In the present invention, it is considered a process step that, while prior art methods have been used to render a hologram by model mapping or spatial assembly of points, or possibly by computer synthesis, our own method uses the contour lines of the spatial shape to create the image. The finished hologram, after all, depicts a luminous line system in the dark with direct transmission of depth information.

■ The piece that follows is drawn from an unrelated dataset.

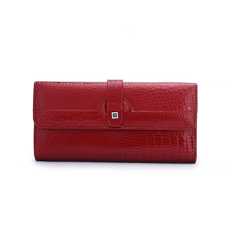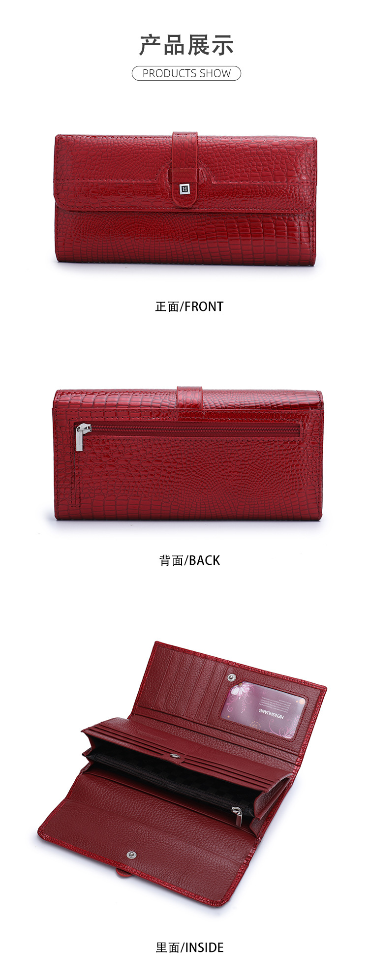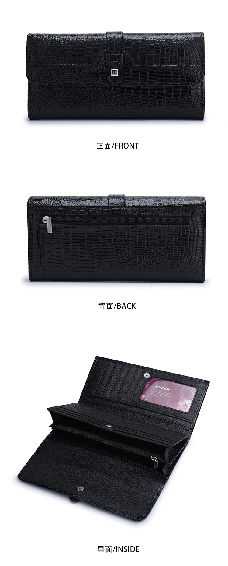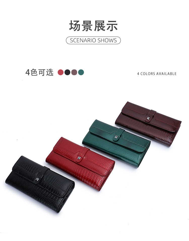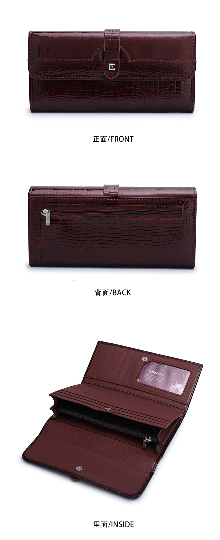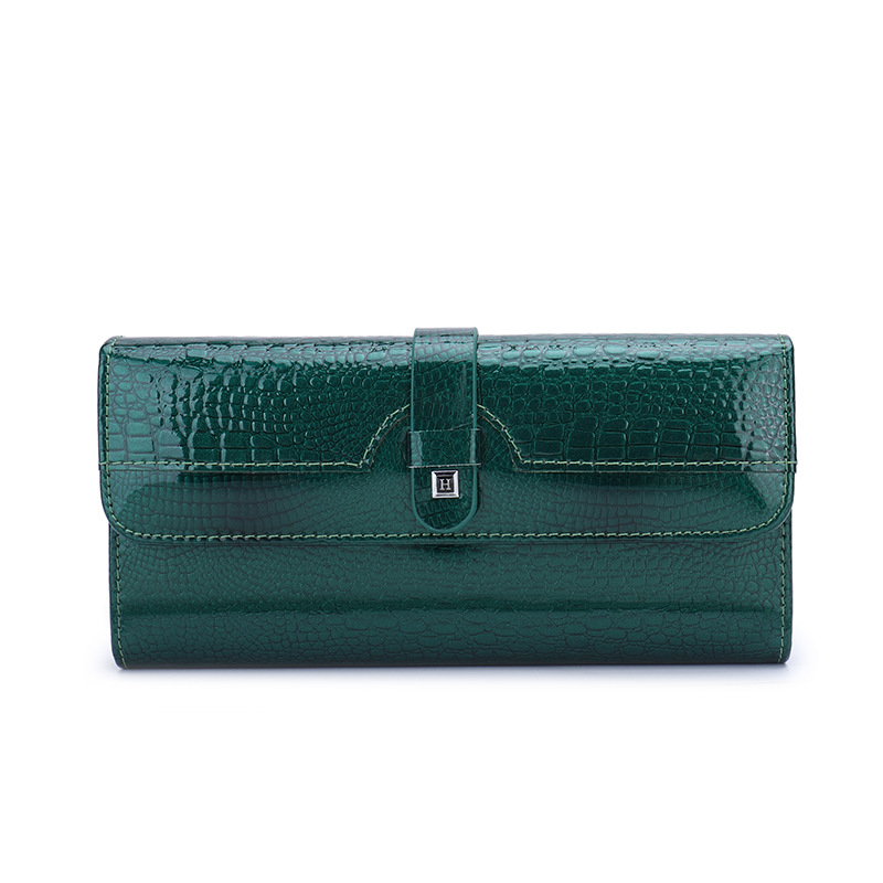 유럽과 미국의 정품 가죽 지갑 여성 스냅 특허 가죽 악어 패턴 멀티 카드 지갑 휴대 전화 가방 클러치 백 맞춤형 도매스토어 가기

Figure 1 illustrates a recording arrangement of a preferred embodiment of our method. The light source is a coherent light emitting laser whose performance only affects exposure times. The laser beam is subdivided by the -1-light divider into two uggs, which are projected with the -2-mirrors and -3-beam-expanding lens systems from the glass side of the -6 holographic plate as a reference beam, from the emulsion side as the -4-diffuser. scattered and passed through the -5- objects, the object beam illuminates the disk and creates a hologram on it. A special glass emulsion coated glass plate is commercially available, and exposure times are affected by the performance of the plate and laser. In this case, the intensity of light passing through the objects was in the order of a few microwatts / cm ² , and the reference beam was also approximately the same intensity as the depth of the subject, in which case the exposure time was in the order of seconds. The plate was developed according to the known procedure of white light holograms (development, fading, recording). The reconstruction of the image is shown in Figure 2: The plate placed against a -7- dark background is illuminated by a -8- beam from a point source, if its incident angle is the same as the incident beam of the reference beam, the -9- viewer sees a true three-dimensional image.

The resulting hologram, as a fundamental novelty in medical information display, is directly capable of transmitting spatial information, recording material and procedure are inexpensive, hologram storage is easy, and reconstruction can be done at low cost (spot reflector, slide projector, or sunlight).

Flat contour iconographic medical procedures such as computerized layer scan or two-dimensional ultrasonography can be used directly as contour lines for the hologram, of course requiring the appropriate outline of the contours, which can be done automatically by a computer program or manually.

Although the application example presented is medical, it is

-2.1881 procedure allows state diagram folyamatdiagrammok three-dimensional display is possible, indeed it is possible mapping application: makes it possible to produce three-dimensional maps of avoiding modeling, only ⁵ start from the computer data.

Claims (4)

Claims 1. A method for displaying three-dimensional representations of bivariate functions, in particular biomedical but other technical, architectural or similar bivariate functions, characterized in that the bivariate function is subdivided into contour lines by planar intersection planes and (5) placed separately on multiple exposures onto a holographic plate (6) on a reflective white light hologram, which in a known manner is illuminated with white light to display the spatial shape of the lines. Method according to claim 1, characterized in that the planar intersection lines serving as the object elements (5) are applied to a flat film by a phototechnical process or automatically controlled on a transparent liquid crystal display as transparent lines. Method according to claim 1 or 2, characterized in that the object elements (5) containing the planar section (contour) lines are illuminated with a diffuser (4) by means of laser light. 4. Method according to claim 1, characterized in that the object elements (5) are contour lines drawn from the images of the test methods providing the sectional images by manual or computerized method, thus allowing direct visualization of the internal structure of the opaque bodies.